しかし、ほんの少し未来に起こる出来事を《クロム・ディザスター》を討伐した直後の彼らが知る由もない。
今はただディザスターから受けた傷を癒し、再び訪れた日常を謳歌するだけ。
――これはマサトの周りがまだ平和だった頃の話。
◇
「私、子供を作ろうかと思うの……」
マサトは口に含んでいたジュースを思いっきり噴き出してしまった。
ほんの少し前に小学2年生にはなったものの世間から見ればまだまだ子供扱いされるだろう自分の歳、しかし『加速世界』という現実とは異なる時間が流れる世界にいるため自分の精神年齢はもう少し成熟しているはずだとマサトは自負している。
……何が言いたいのかというと、《スーパー・ヴォイド》に所属するちょっと
「私も、もう十分に成長したと思うし……」
「えっと……まだまだ早いんじゃないかな~、なんてボクは思うんだけど……」
成長って……カンナってまだ小学3年生だったはず、とカンナのスラッとした(悪く言えば凹凸の無い)体を横目で見ながらもう一度自分の持っている知識を確認するマサト。まさかカンナは《ブレイン・バースト》のやりすぎで自分の年齢を勘違いしてしまっているのでは無いか、そう思ってしまう。
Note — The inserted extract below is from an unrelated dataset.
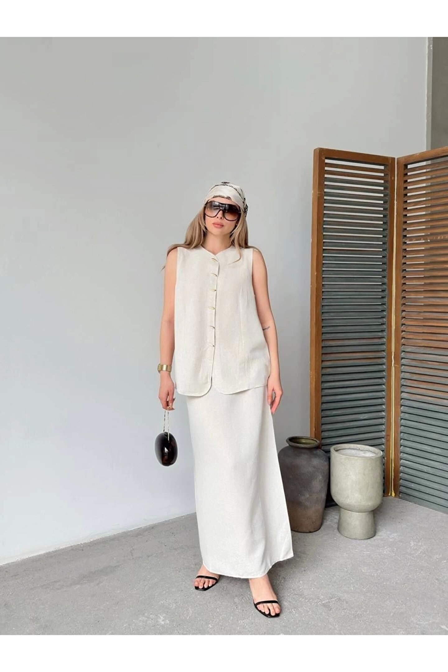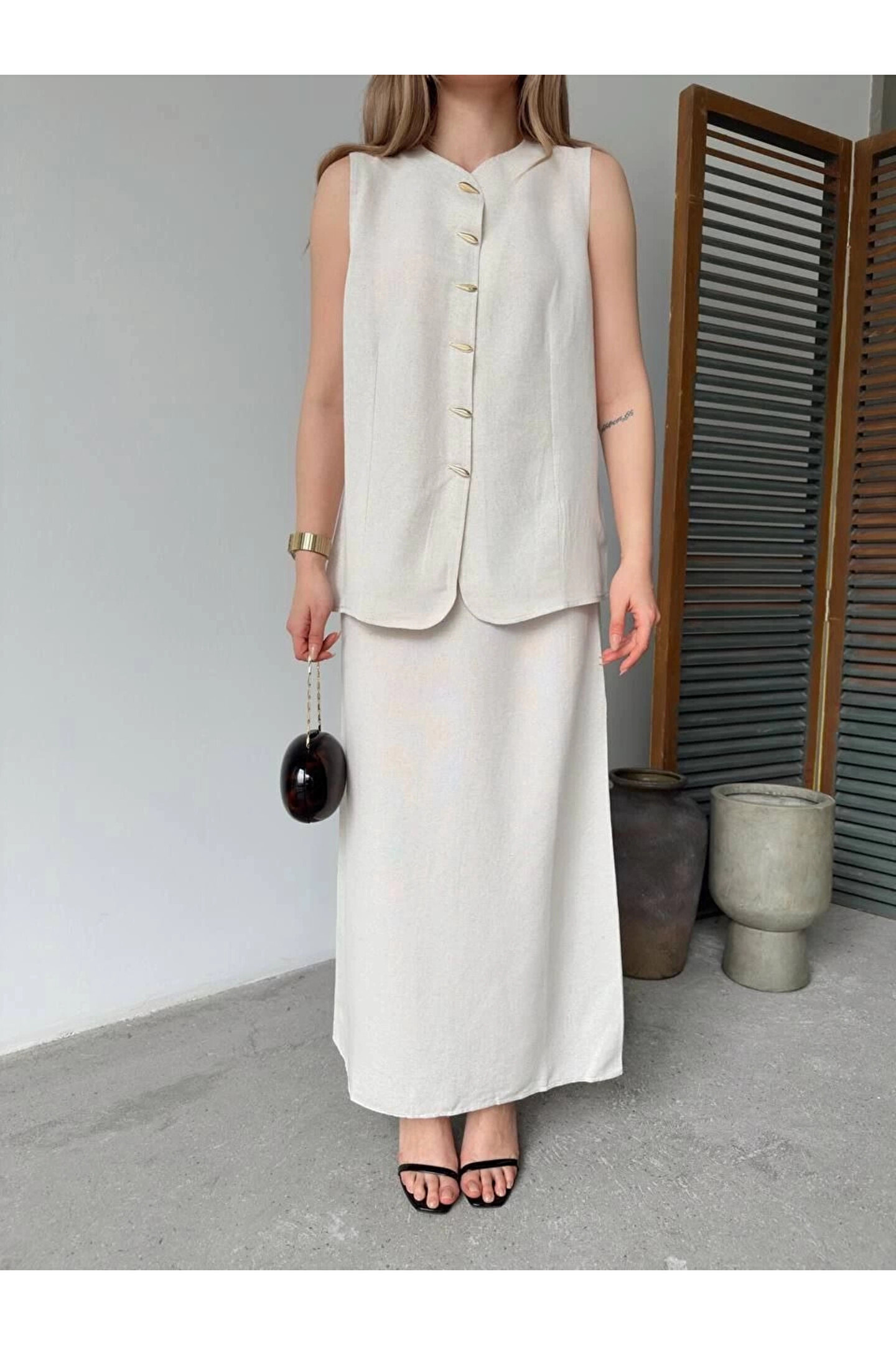 Keten Kolsuz Hırka Etek Ikili Takım- Beyaz Siparişleriniz özenle bir şekilde hazırlanılıp 24 saat içerisinde kargoya verilmektedir.; kargo firması olarak ile çalışmaktayız.; siparişinizi oluşturduktan sonra 1-4 gün içerisinde ürünleriniz elinize ulaşmış olacaktır.; Özel ve sıradışı tasarım ürünlerimiz, yaşamınıza benzersiz bir çekicilik ve tarz katacak.; Günlük hayatta giyim üzeri vücut aksesuarı gibi kullanabileceğiniz özel parçalar sunuyoruz.; Bu ürünlerle kendinizi özgürce ifade edebilir, kişisel tarzınızı ön plana çıkarabilirsiniz.; Her biri özenle seçilmiş, yüksek kaliteli malzemelerle üretilmiş olan tasarımlarımız, özel yaşamınızda da dikkat çekici detaylar sunar.; Göz alıcı ve çekici olmalarının yanı sıra, konfor ve kullanışlılık da sağlamak için özen gösteriyoruz.; Gündelik hayatta şıklığınızı tamamlamanın yanı sıra özel anlarınızda da kendinizi özel hissetmenizi sağlayacak ürünlerimiz, sizin tarzınızı ve zevkinizi yansıtmak için özel olarak tasarlanmıştır.; Asmirayı keşfedin ve tarzınızı yansıtan özel parçalarla kendinizi ifade etmenin keyfini çıkarın!

「それに一体誰とやろうっていうのさ? ……知ってる? 子供は1人じゃ出来ないんだよ?」
「何言ってるの、当たり前じゃない。候補はちゃんといるわ、この前新宿でたまたま出会ったのよ、その子と…………」
「まさかそんな行きずりの人と!?よく知らない人なんか絶対ダメ!」
「そんな! ちゃんと友達にもなったし、性格もいい人だったわ!」
それでも早すぎるんじゃないのだろうか、もしかして悪い人に騙されてるのでは? マサトの頭の中で多くの疑問がグルグルと渦巻きはじめる。
「それにまだ早いって、マサトはレベル3の時に私を《子》にしたじゃない!
そんなあなたにとやかく言われたくないわ!」
「ええ! ボクがカンナを……! ……《子》に…………したねぇ……」
カンナの言う“子供”とは《ブレイン・バースト》の《親》と《子》のことだったのか……。ようやく両方の話の内容に大きなズレがあることに気が付いたマサト。その落差に一気に気力を持っていかれてしまい、脱力した体をずるずるとベッドの上に滑らせていく。
突然萎れた花のように元気の無くなったマサトを不思議にそうに見ながらも、カンナは自分が新宿で出会った人の話を続けてくれた。
その子は以前マサトのお願いでタッグパートナーとして他区の《戦闘エリア》へ遠征している時に出会ったらしい。
「出会ったのは本当に偶然だったんだけどね。混みあってたファストフード店でその子と偶々相席になったの。というか子供同士だからって店員さんがちょっと強引に薦めてくれたんだろうけどね? ……それで、話しているうちに随分意気投合しちゃったというか……どこか私に似てた気がしたから……」
「カンナに? どんなところが?」
曲がったことが嫌いでお節介で
もし前者なら……カンナが2人……チラリとよぎった嫌な予感は無視しつつ、マサトはカンナに続きを促すことにした。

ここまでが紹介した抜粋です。